As its name might suggest, the "consent agenda" portion of a City Council meeting rarely features much discussion or debate.

Yet during the Oct. 8 West Linn City Council meeting, a vote to approve the minutes from six meetings — from June 18 to Sept. 10 — was not unanimous. City Councilor Teri Cummings voted "no," and shared her reasoning with the council during a pre-meeting work session.

Cummings, who has long been outspoken about her concerns with how the City keeps written records of its meetings, said she could not vote to approve the package of meeting notes because she was unable to adequately fact-check them.

"There are 77 pages representing 25 hours of meetings," she said. "And it's all in one thing — there aren't individual minutes. So when you try to do one set of minutes, you have to keep track of what page you're on, because (they) aren't numerated.

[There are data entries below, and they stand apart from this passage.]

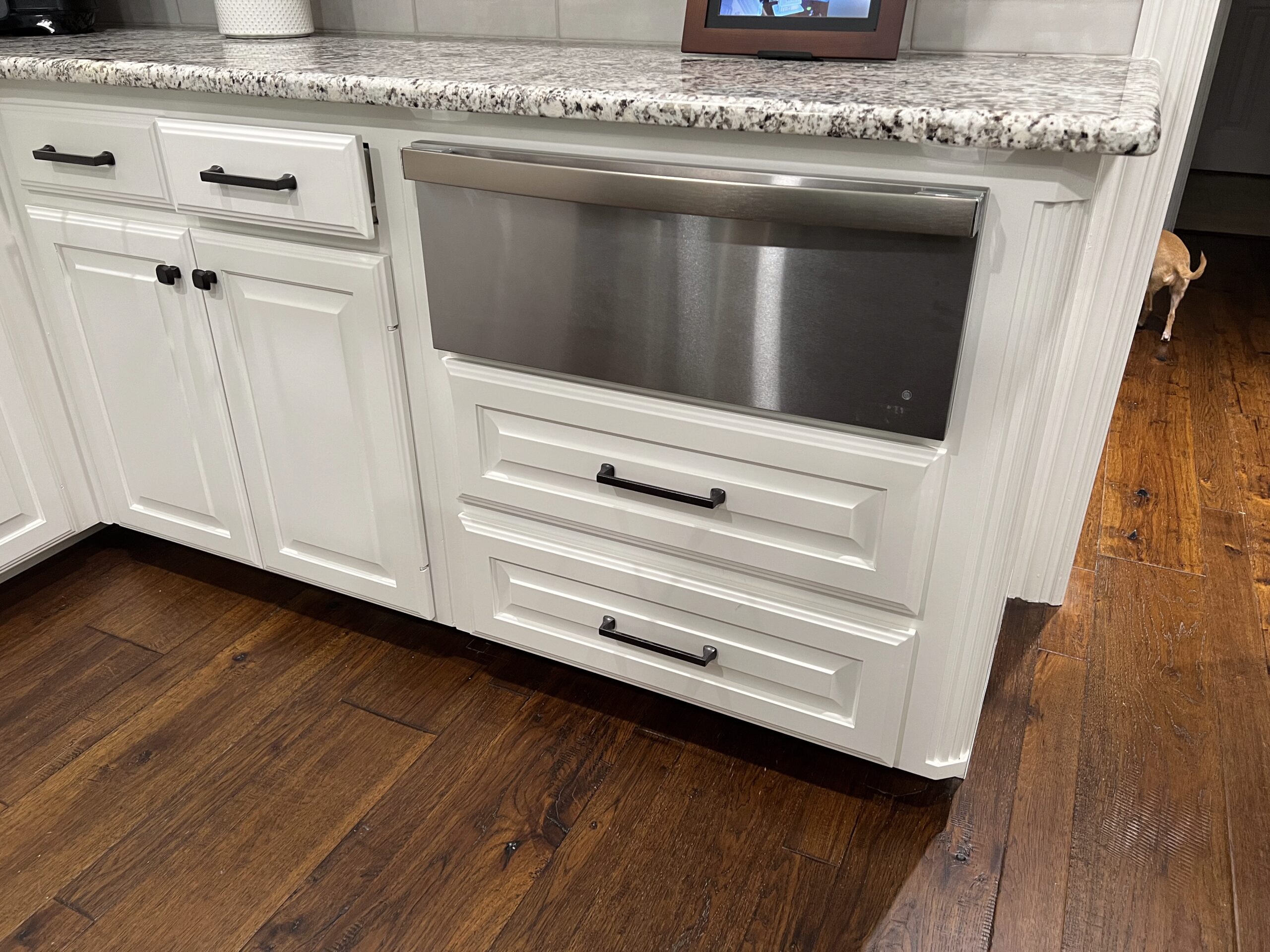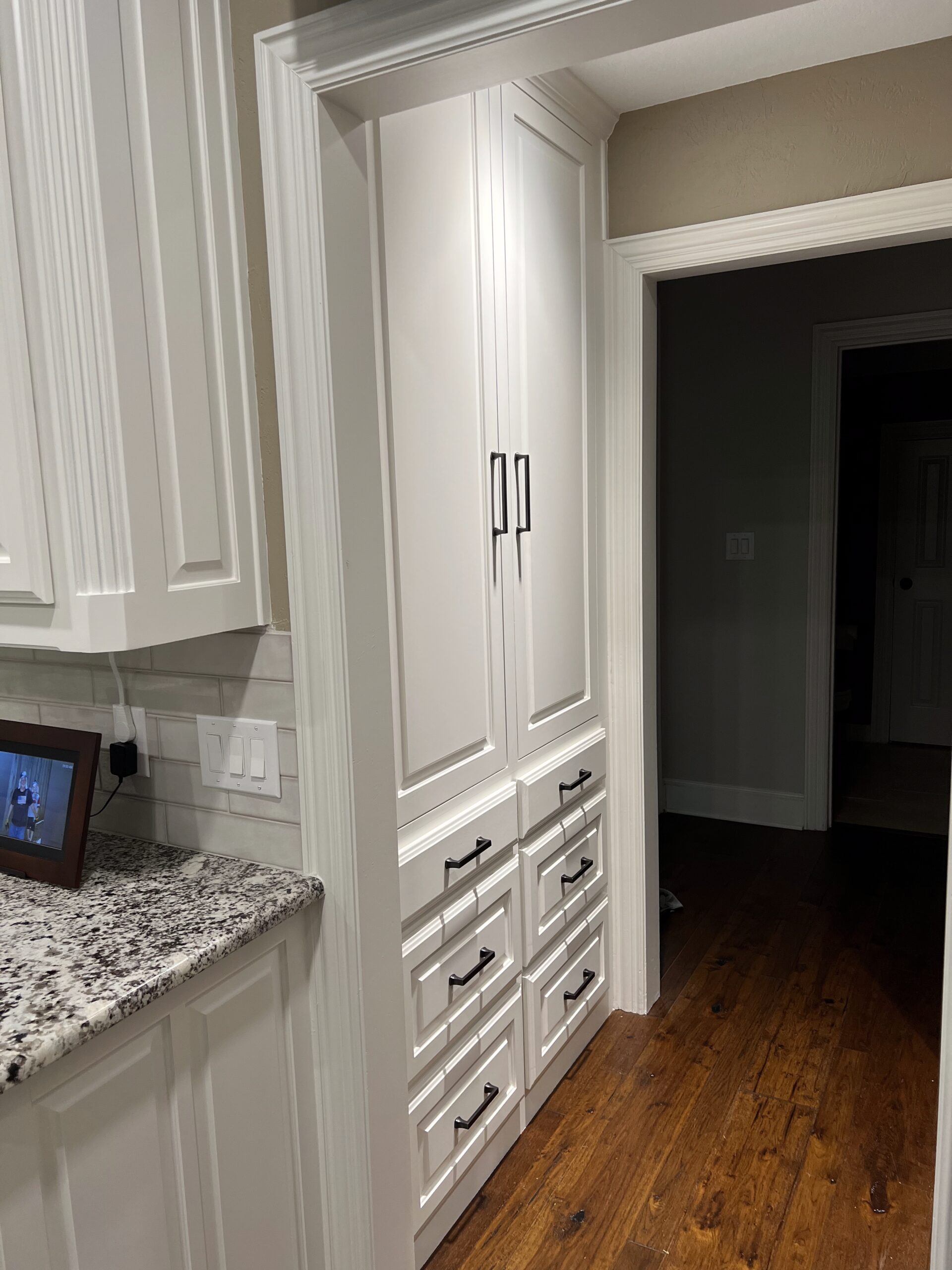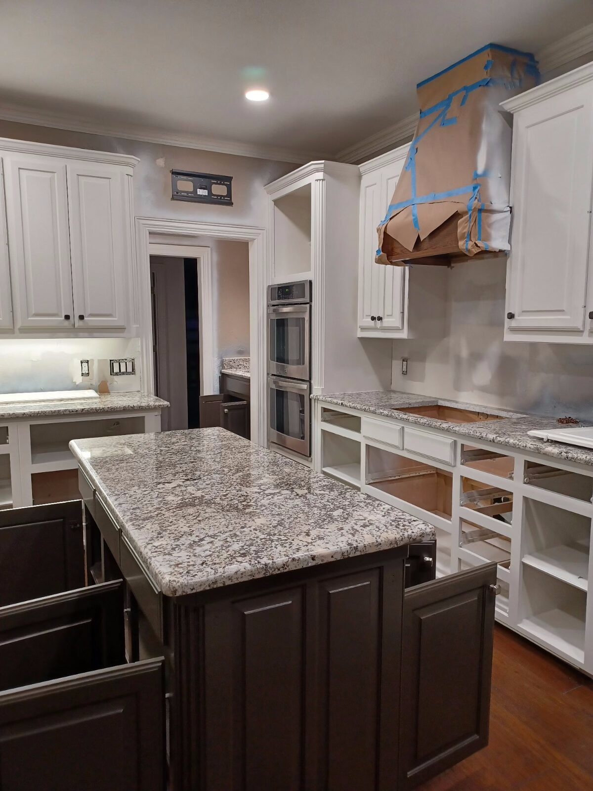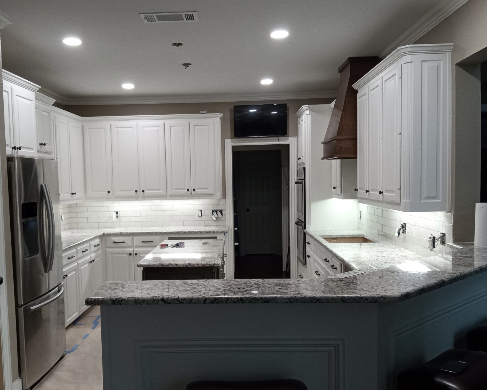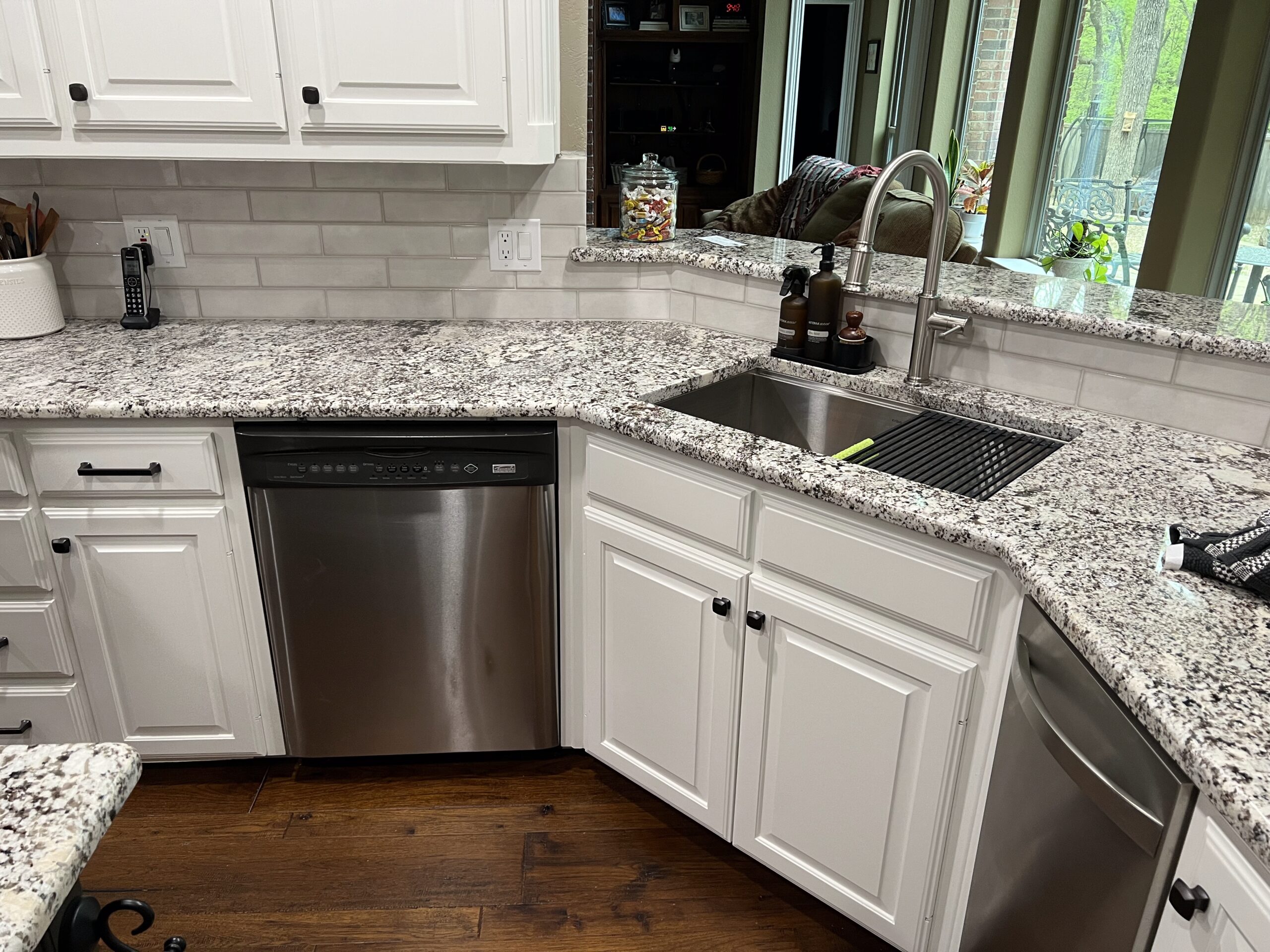 This kitchen was in need a modern facelift. Rather than deleting the existing kitchen cabinetry, we modified and augmented by matching the style, painting, installing a new backsplash, and beautiful granite countertops.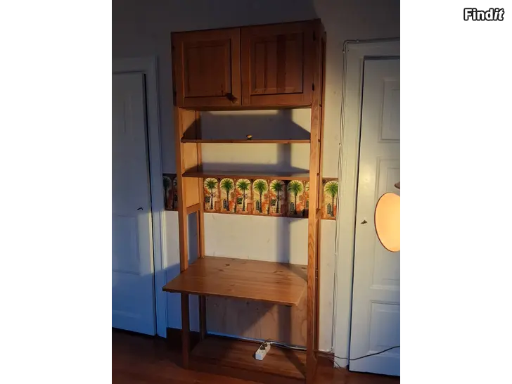 Lundia. Hyllan med lådor 160,-. Hyllan med bordsskiva 100,-. Bredd 84 cm. Djup 30 cm. Höjd 210.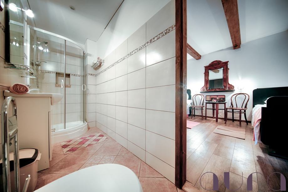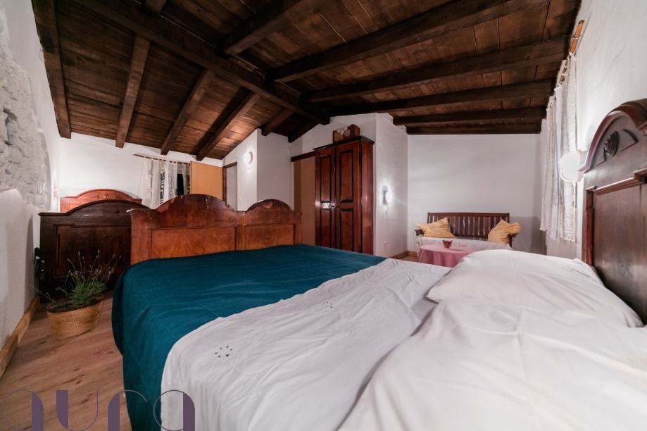 • Druga etaža ima zaseban ulaz, a pristupa joj se vanjskim stepenicama. Sadrži veliku komfornu sobu s dva kreveta, i kupatilo.

"I'm not going to spend 25 hours listening to audio, so I hope we never have more than one set of minutes (combined) again."

According to City Recorder Kathy Mollusky, the minutes backup was due to a number of factors. Mollusky was on vacation from June 18 to July 5, which caused a delay during the summer. The council then pulled the approval of minutes from a subsequent agenda to allow Cummings to provide comments (Mollusky said she never did). And when the minutes were scheduled for approval Sept. 10, they were pulled at the request of City Manager Eileen Stein, who had changes of her own that she wanted to make.

Cummings said she takes her own notes during meetings, "just to have my own idea of the details that happened."

"And as I started to try to go back through these minutes, sometimes what I had written down didn't line up with what was in the minutes," she said. "I'm like, 'Did I write that down wrong, or what?' So I was having to spend a lot of time going from one screen to the next, getting on the video, trying to find where that was and stuff like that. And I was spending hours and hours."

City Councilors Bob Martin and Rich Sakelik also had some questions about the minutes, while Mayor Russ Axelrod captured his edits digitally (Cummings said she wasn't able to do edits on the computer). Near the end of the work session discussion, the council debated how well the minutes reflected a discussion about funding for a Citizen Advisory Group appreciation party.

"Some of the numbers and verbiage there weren't quite accurate, and there's no discussion of how we came to the agreement of $1,700 (in funding)," Sakelik said. "It's captured on video, but not here."

City Council President Brenda Perry felt that the minutes did not need to be so detailed.

"This is what troubles me about getting so detailed on this," she said. "Really I just feel that we (should) say we had a discussion on how much to use for this, various options were (discussed) and the council agreed to a final amount. That saves any inaccuracies."

Next week

At its next work session Nov. 5, the council will get its first glimpse of a new website and financial dashboard that will track the progress of general obligation (GO) bond projects. The dashboard will provide information about the various costs associated with each project.

The council will also revisit discussions about the future of the old city hall building and how it might be used.